DNC officials had already announced its intention to tighten up internal procedures for reviewing contributions to assure that the party remained within the law. But Tuesday's actions also included voluntary restrictions on contributions that go farther than the law requires.

Outgoing Democratic National Committee chairman Don Fowler said that even though it is legal, the party will not accept money from non-citizens who are are permanent residents in this country. Late last year the party returned $253,000 donated by a Thai businesswoman who is a permanent resident because it was not clear she was the source of the money.
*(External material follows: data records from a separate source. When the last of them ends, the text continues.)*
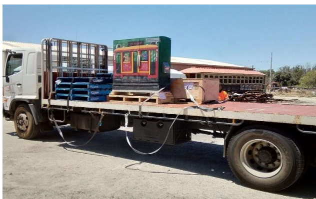
The consignment arrives. The Lindsay Richardson Body barn with WAGT E Class 64 is behind.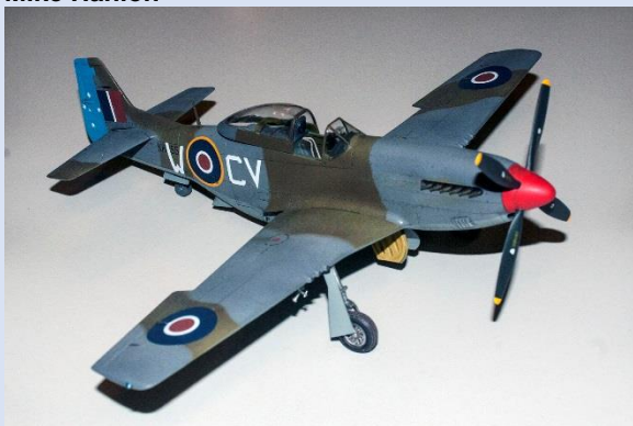
North American P-51D Mustang, Tamiya Ultracast Aeroproducts propeller, Decals by Xtradecals. Camouflaged and markings for Mustang Mk.IVA, KH755/CV-W, "Anita" of No.3 (RAAF) Squadron, Cervia, Italy, April-May 1945.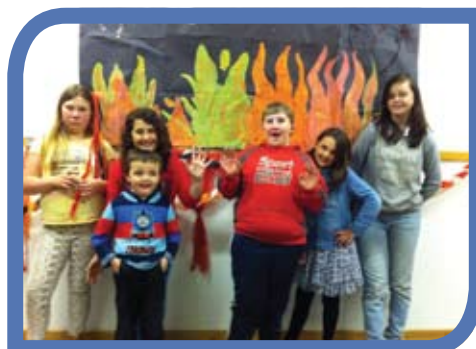
Bairns at North Roe Youth Club.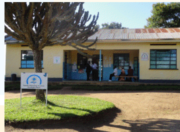
Kinuuka HCIII, the first ART accredited HCIII in Lyantonde District.

RACOBABO was supported with a project by Pharmacists without Borders (FuG) Sweden, to train the Lower level health workers. The 2 weeks training curriculum was designed by Uganda cares and certified by the Ministry of Health. The trainers were drawn from TASO Uganda, FuG, and Uganda Cares.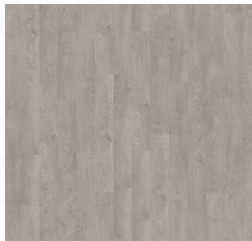
Parquet Grey Ashwood

Federal election law currently bans political contributions from foreign corporations but allows donations from American subsidiaries. Fowler said the DNC will put in place a more restrictive limit by refusing to take funds from such subsidiaries.

Both parties accept soft-money donations from individuals, corporations, and labor unions. Some of those donations run into the hundreds of thousands of dollars. Fowler said from here on the DNC would limit those donations to $100,000 per year.

DNC officials estimated that if the new restriction had been in place last year, it would have cost the party $6.5 million. The committee at one point in the past had a similar ceiling on such contributions but at a time when donations in excess of $100,000 were far more unusual.

DNC officials also said they would institute more rigorous internal checks on contributions and implement screening procedures to prevent anyone who has made a questionable contribution or of questionable background from attending small fund-raising events with the president or vice president.

The White House was embarrassed earlier by revelations that a Chinese arms merchant and an accused drug dealer attended separate events at the White House organized by the DNC.